Dunkin Donuts serves liquid gold coffee and delicious treats that are horrible for you, but awesome in every other way. My choice to counter the horribleness of showing up to a canceled class by heading to such a delightful place was completely logical.
I went through the drivethru because I was feeling lazy and still mad. I ordered an iced caramel latte, received it and paid for it and zoomed away.
I took a sip of what I thought would be a tasty treat and instead was struck with an awful, cinnamon flavor and what could only be burnt coffee beans and the product of sleep deprivation.
I had still not had my coffee yet this morning, and I was really happy when I remembered that the bank served free coffee to their patrons. And I was so a patron!
I did my bank duties and then walked to their Keurig machine. I turned it on and it lit up all blue and happy. Then I put the cup under, hit the biggest size and waited. It made a gurgling sound and then did nothing. I began to panic.

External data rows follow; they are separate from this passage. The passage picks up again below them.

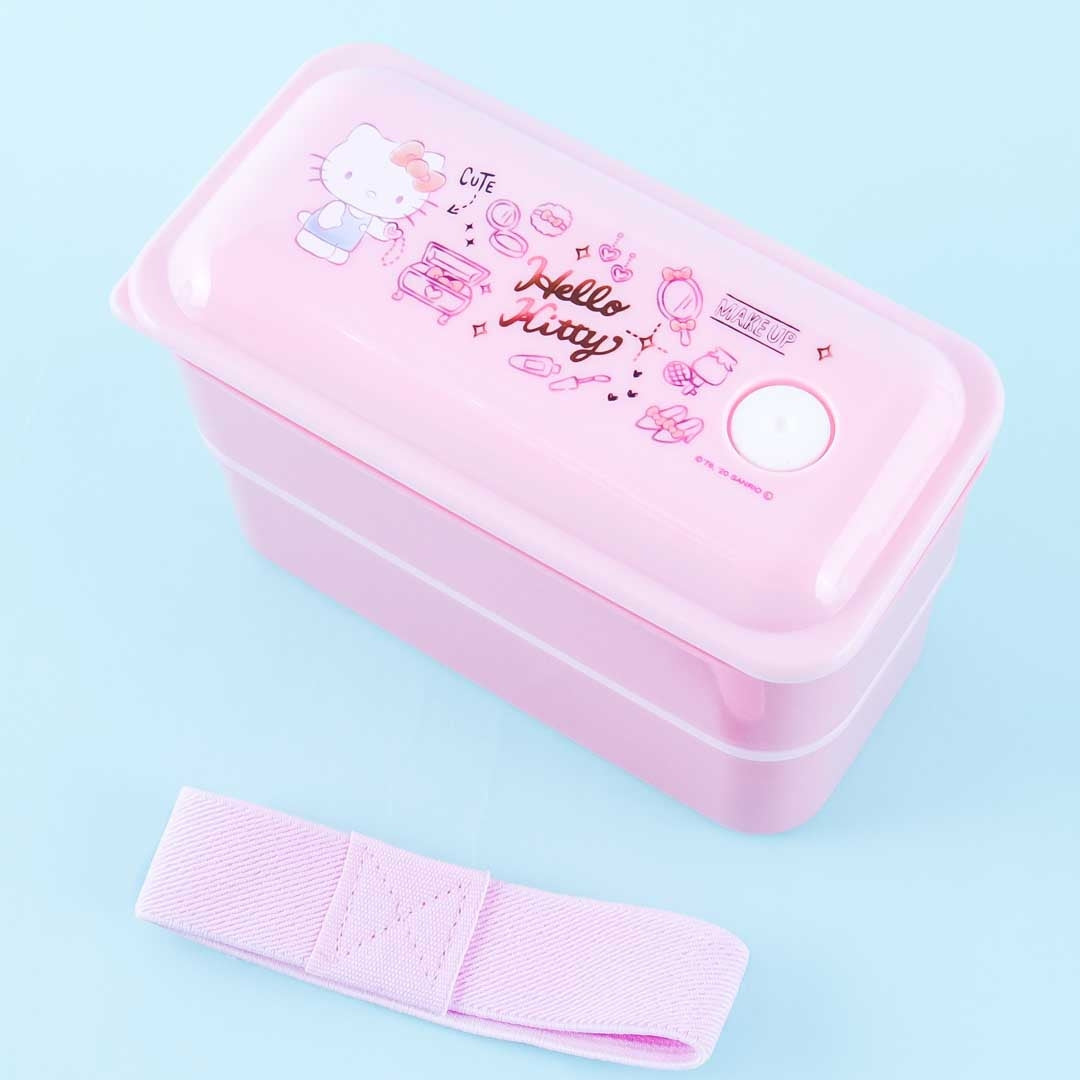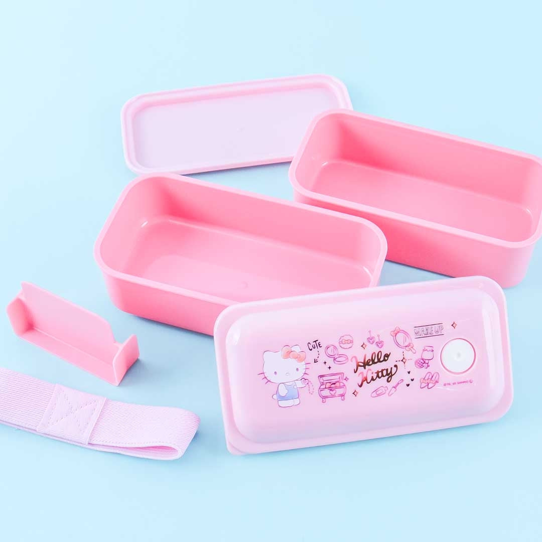 • A lunch box set with an illustration of Hello Kitty with her collection of jewelry and makeup
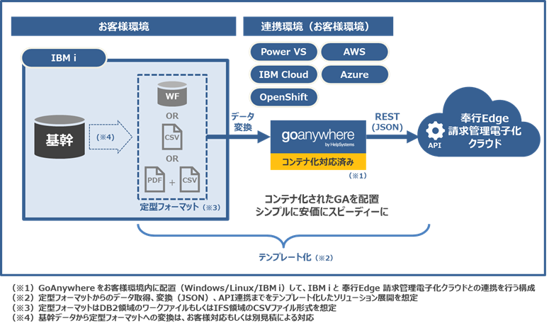 これらを解消するべく、OBCでは、ソルパックの『GoAnywhere』を用いて『奉行Edge請求管理電子化クラウド』と『IBM i』上の基幹システムを連携いたします。容易な設定で、『IBM i』ユーザーは簡単に『奉行Edge請求管理電子化クラウド』を活用でき、請求業務の自動化、ペーパーレス化にすぐに対応可能で、請求書のペーパーレス化を出発点に簡単にDXが始められます。
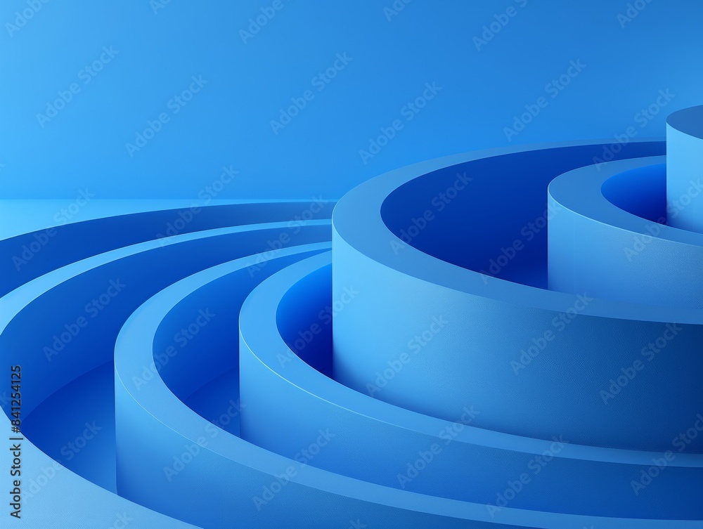 Naklejka na stół i biurko - soft blue 3d rendered abstract geometric forms, lines, and concentric rings swirl. Minimal blue... #841254125
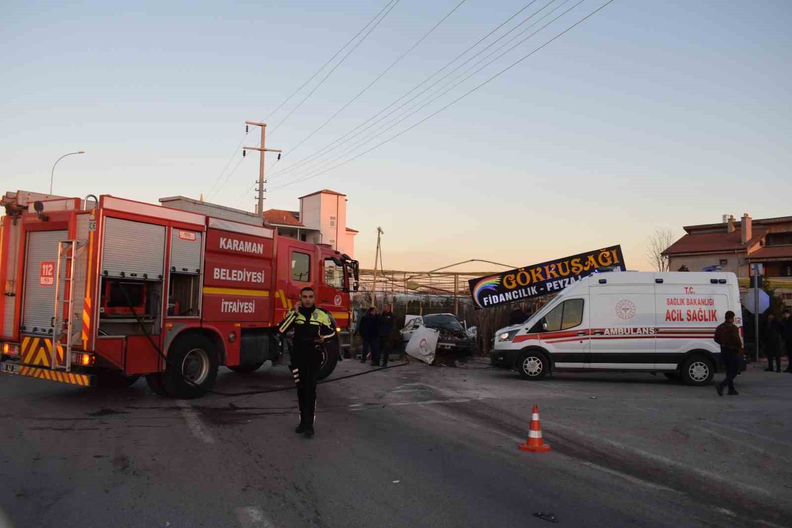 Kaza, Karaman-Ereğli Karayolu üzerindeki düğün salonlarının bulunduğu kavşakta yaşandı. Edinilen bilgiye göre, Karaman’dan Ereğli istikametine seyretmekte olan S.T. yönetimindeki 42 YA 087 plakalı otomobil, kavşakta dönüş yapmakta olan M.Y. idaresindeki 70 BH 919 plakalı hafif ticari araçla çarpıştı. Kaza sonrası kontrolden çıkan otomobil savrularak yol kenarındaki fidan satışı yapan iş yerine dalarken, o anlar güvenlik kamerasına yansıdı. İhbar üzerine kaza yerine sağlık, itfaiye ve polis ekipleri sevk edilirken, yaralıların yardımına ilk olarak çevredeki vatandaşlar koştu. Yardıma gelen bir vatandaş otomobilden dumanların çıktığını görerek aracın akü başlıklarını söktü. Olay yerine gelen itfaiye ekibi araçta sıkışan 1 kişiyi kurtararak sağlık ekiplerine teslim etti. Aynı otomobilde bulunan yaralı 3 kişi, kaza yerine gelen ambulanslarla kaldırıldıkları Karaman Eğitim ve Araştırma Hastanesinde tedavi altına alındı.

Eventually one of the tellers felt sorry for me and came over to offer me a hand. I apologized profusely for possibly breaking her coffee maker and told her I was having a really rough day already and I needed coffee because the coffee I had put into my mouth before that was disgusting.
She kind of ignored me, got the keurig working and I immediately regretted unloading my morning onto a stranger. I made a cup of coffee, put that powdered creamer in it and decided I should give up trying to be productive and go home.
Later that day I got a headache from not having enough coffee.
I think the rest of the day ended up not being the worst day in history like I thought it would become when I woke up that morning, but it was an awfully jammed-packed hour of annoyances.